Firestone Indy Lights
- Years active: 2008–2012
- Former teams: Wagner Racing Davey Hamilton Racing Team Moore Racing Team E
- Starts: 19
- Wins: 1
- Poles: 1
- Best finish: 13th in 2010

Previous series
- 2004–2007: USAC National Midget Division

= Brandon Wagner =

American racing driver (born 1987)

Brandon Wagner (born April 3, 1987) is an American former racing driver from Lafayette, Indiana. He is a graduate of Central Catholic High School and graduate of Purdue University.
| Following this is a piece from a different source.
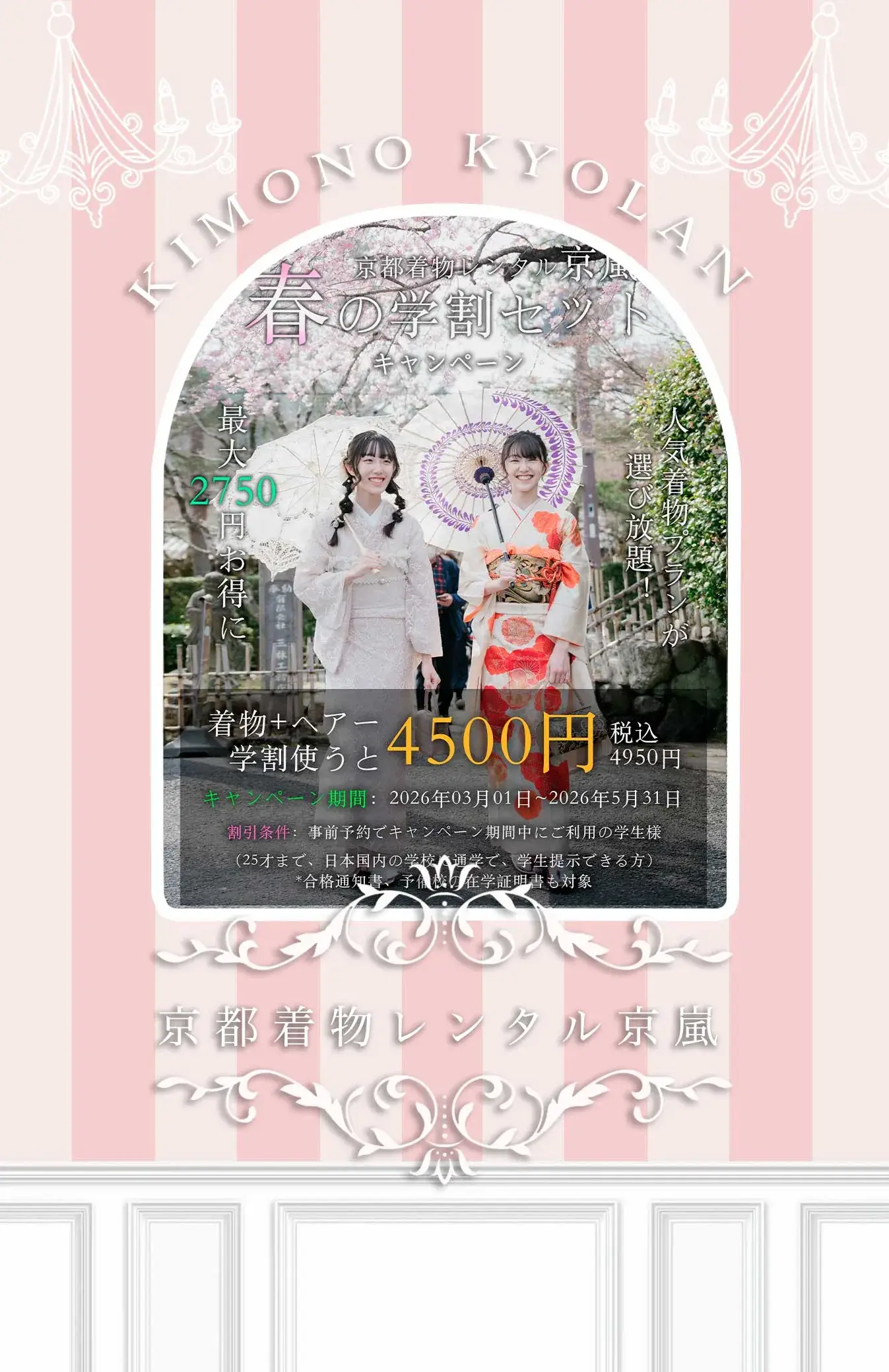京嵐へようこそ! 私たちは京都嵐山エリアにある着物レンタルショップです

Beginning in karting in 1999, Wagner moved to USAC Midgets in 2004, competing for his father John's team. The family purchased a Firestone Indy Lights Series Dallara chassis in mid-2008 and he made his debut in the final race of the season at Chicagoland Speedway. He competed part-time in the 2009 season with the team being run in conjunction with Davey Hamilton and Kingdom Racing. He captured his first pole with Kingdom Racing on August 29, 2009, at Chicagoland Speedway but was involved in an early race accident and did not finish. Wagner made his 2010 debut in the Freedom 100 with Davey Hamilton/Kingdom Racing where he captured his best Indy Lights finish of eighth. The team continued running a partial season of ovals, similar to the schedule they ran in 2009. On October 2, 2010, Wagner captured his first win in the Firestone Indy Lights Series at Homestead Miami Speedway after passing polesitter Pippa Mann at the start and dueling with James Hinchcliffe for much of the race. Wagner continued part-time on ovals in 2011 with a best finish of fourth at Kentucky Speedway and finished fifteenth in points. He drove in the 2012 Freedom 100 for Team E, his only race of the season to round out his career in Indy Lights.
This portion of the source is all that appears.